As long as her alleged rapist goes to Columbia, Emma Sulkowicz, CC ’15, plans on carrying a navy blue, extra-long twin-sized mattress wherever she goes.
Entitled “Carry That Weight,” the mattress is both the visual art major’s senior thesis and a step in her journey to come to terms with her experience. Over the past year, Sulkowicz has become a prominent critic of the University’s sexual assault adjudication policies, retelling her story to various administrators and media organizations to raise awareness.
“The past year of my life has been really marked by telling people what happened in that most intimate and private space,” Sulkowicz said, referring to the dorm bed where she was allegedly raped on the second night of her sophomore year.
“I was raped in my own dorm bed and since then, that space has become fraught for me. I feel like I’ve carried the weight of what happened there since then,” she added.
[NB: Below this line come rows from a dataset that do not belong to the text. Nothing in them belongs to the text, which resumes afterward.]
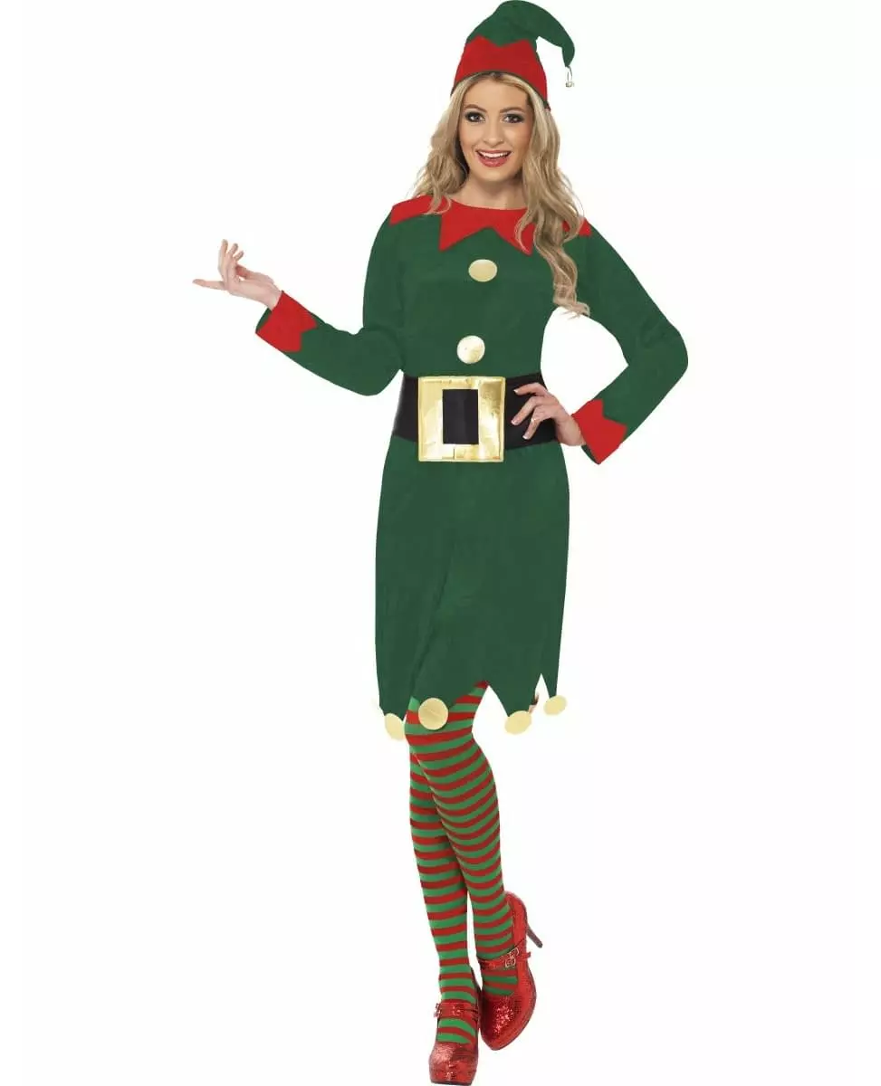 Jobb sammen med julenissen Dette julenissekostymet for kvinner består av en kjole, et belte og en lue (strømpebukser og sko er ikke inkludert). Den grønne kjolen med filteffekt har falske gullknapper på bysten. Den er kuttet i spisser nederst og har en elastisk midje. Kragen og mansjettene er dekorert med rødt stoff kuttet i spisser. Et bredt svart stoffbelte fremhever midjen. Den har en stor gullspenne og lukkes foran. Til slutt vil en spiss lue med bjelle sette prikken over i-en til dette kostymet. Dette kostymet vil være perfekt for å leke julenissens alv under slutten av året. Inkludert tilbehør: Kjole Belte Lue Materiale: 100 % polyester Vedlikehold: Håndvask
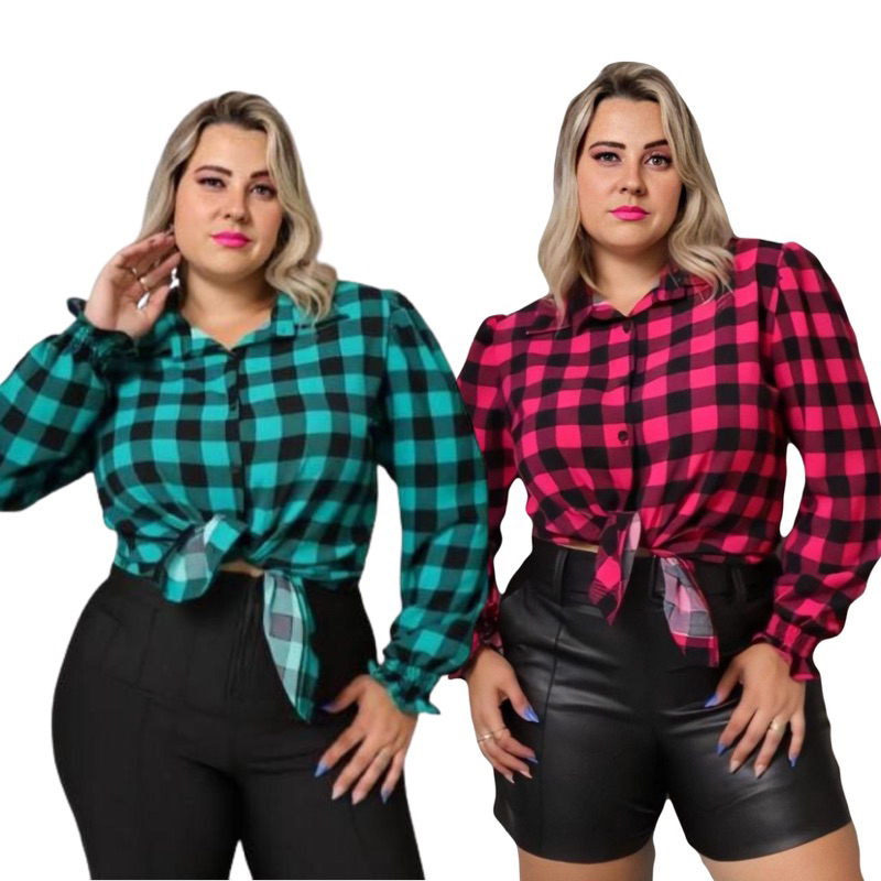 camisa feminina xadrez festa junina plus size arraiá festa são joao
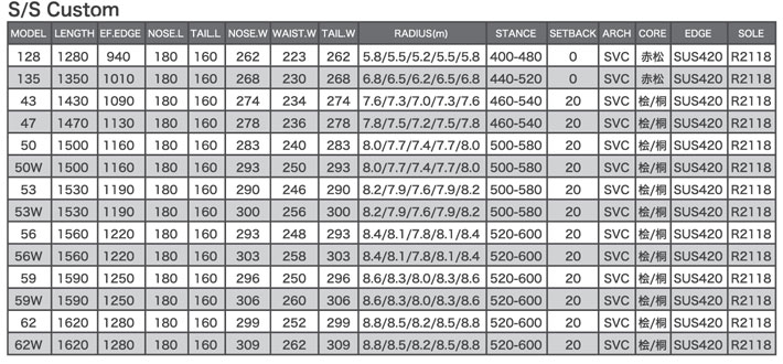 ショートバリアブルキャンバー(SVC)とはキャンバーの種類のひとつで、接雪点からノーズまたはテールにかけて緩やかに立ち上がるアーチ形状。
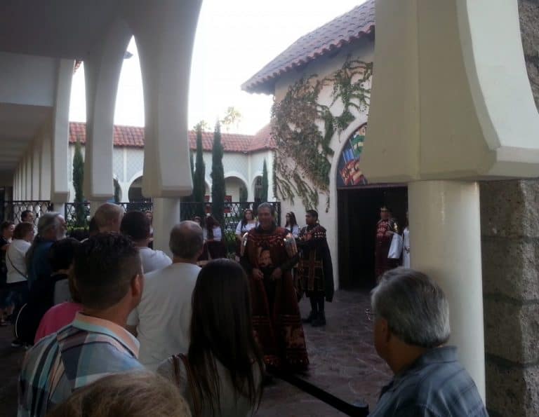 People take Medieval Times seriously! The line was already building when we arrived at 5:20 for a 7pm showing on a Wednesday night. The venue is located in the middle of all-things-fun in Buena Park, which is in the O.C., barely a 1/2 mile north of Knott’s Berry Farm and only about 15 minutes from Disneyland. (You can’t beat that for coolness!) We were escorted to the ticket booth at 5:45, which was good as the little guy needed to use the facilities after an hour’s drive because the 91 freeway at that time of day stinks.
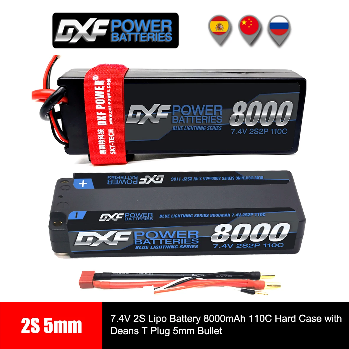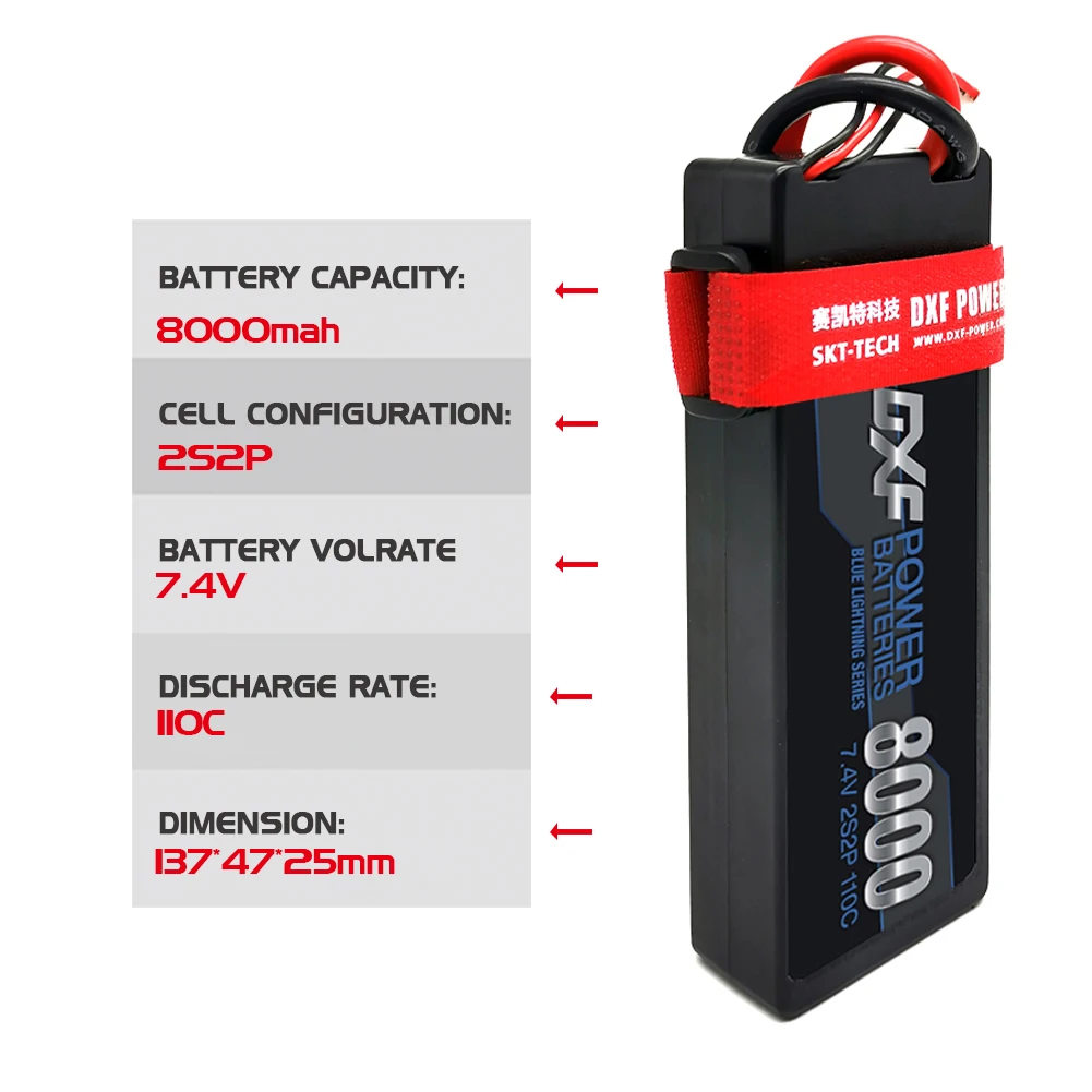 Литий-полимерный аккумулятор DXF 7,4 В 2S 8000 мАч 110C, жесткий чехол с T-образной вилкой Deans 5 мм, пуля для радиоуправляемого грузовика, автомобиля, Truggy, багги, хобби
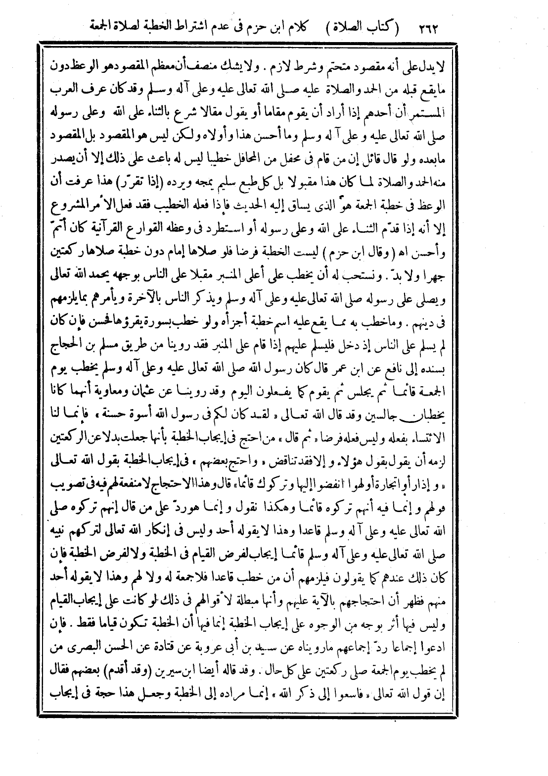 "واحتج بعضهم" في إيجاب الخطبة بقول الله تعالى (وَإِذَا رَأَوْا تِجَارَةً أَوْ لَهْ وَا انْفَضُّوا إِلَيْهَا وَتَرَكُوكَ قَائِمًا) قال وهذا الاحتجاج لا منفعة لهم فيه في تصويب قولهم وإنما فيه أنهم تركوه قائمًا وهكذا نقول وإنما هو ردّ على من قال إنهم تركوه صلى الله تعالى عليه وعلى آله وسلم قاعدًا وهذا لا يقوله أحد وليس في إنكار الله تعالى لتركهم نبيه صلى الله تعالى عليه وعلى آله وسلم قائمًا إيجاب لفرض القيام في الخطبة ولا لفرض الخطبة فإن كان ذلك عندهم كما يقولون فيلزمهم أن من خطب قاعدًا فلا جمعة له ولا لهم وهذا لا يقوله أحد منهم فظهر أن احتجاجهم بالآية عليهم وأنها مبطلة لأقوالهم في ذلك لو كانت على إيجاب القيام وليس فيها أثر بوجه من الوجوه على إيجاب الخطبة إنما فيها أن الخطبة تكون قيامًا فقط. فإن ادعوا إجماعًا ردّ إجماعةم ما رويناه عن سيد بن أبي عروبة عن قتادة عن الحسن البصري من لم يخطب يوم الجمعة صلى ركعتين على كل حال. وقد قاله أيضًا ابن سيرين (وقد أقدم) بعضهم فقال إن قول الله تعالى (فَاسْعَوْا إِلَى ذِكْرِ اللهِ) إنما مراده إلى الخطبة وجعل هذا حجة في إيجاب
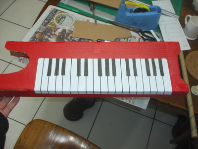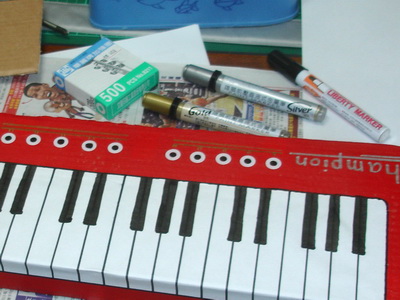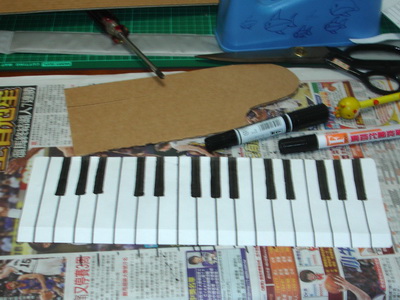在一般的白紙上,用黑色麥克筆畫出線條,是鍵盤。
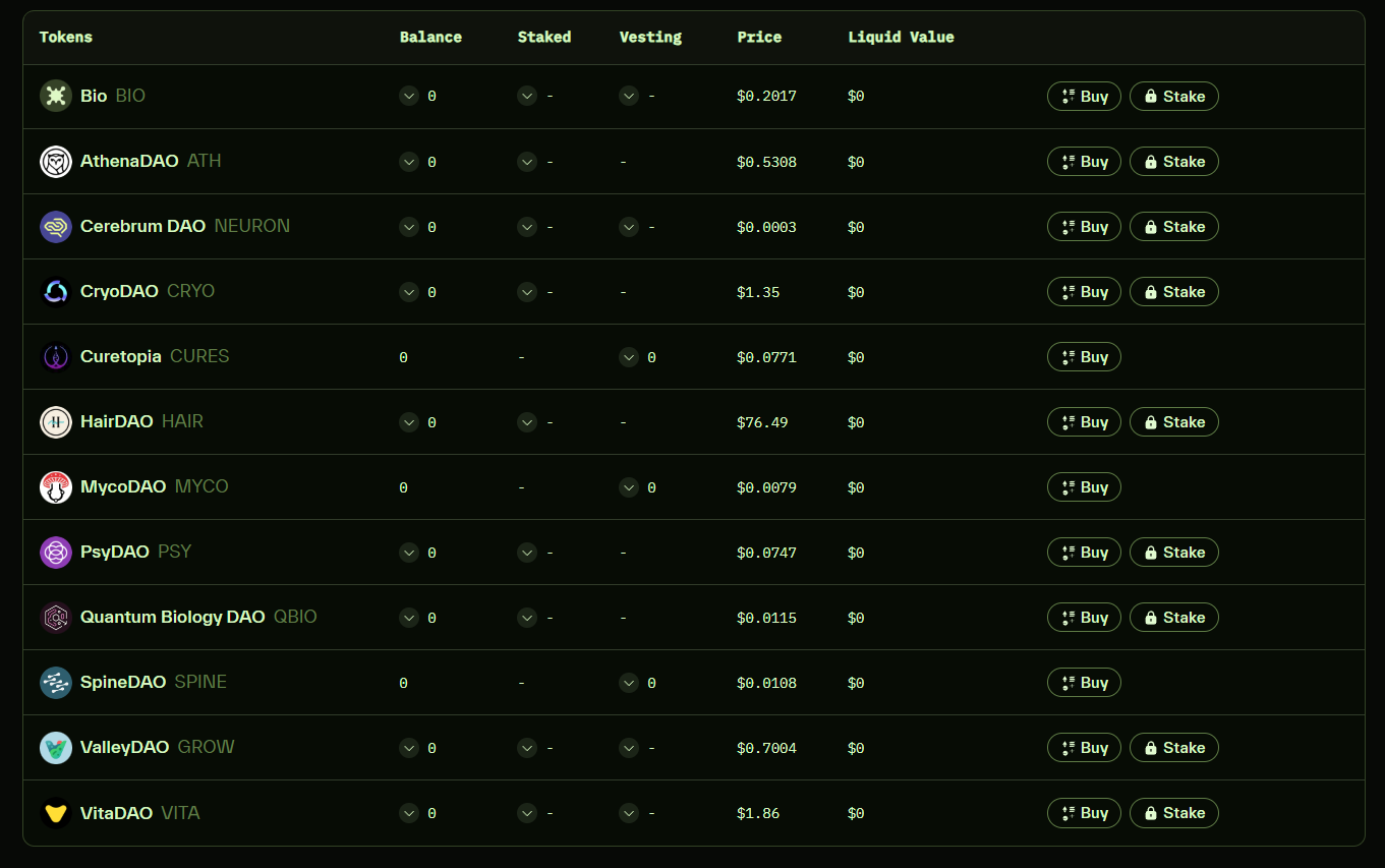- 流动性协议:BIO Protocol 提供链上流动性池,支持 BioDAO 代币与 ETH 的流动性交易,促进 DeSci 生态系统的健康发展。
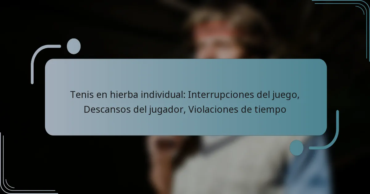En el tenis sobre hierba individual, las interrupciones del juego pueden impactar significativamente el ritmo del partido, derivadas de pausas de los jugadores, cambios climáticos o factores externos. Las pausas de los jugadores están reguladas para asegurar que no interrumpan el flujo del juego, mientras que las violaciones de tiempo ocurren cuando los jugadores superan el tiempo asignado entre puntos o juegos, lo que puede llevar a sanciones. Comprender estos elementos es crucial tanto para los jugadores como para los espectadores para apreciar la dinámica del juego.

Months after her alleged rape, Emma reported the incident to the school. Her case, one of three individual complaints filed against the same student, was closed, and her rapist found “not responsible.” She appealed, but it was denied and the decision was upheld.
Sulkowicz has turned what she says was a horrible tragedy into performance art.
Performance art that will suffice as her senior thesis. A fact I'll just leave there without commenting on further:Sulkowicz plead her case to the university. But why didn't she go to the police?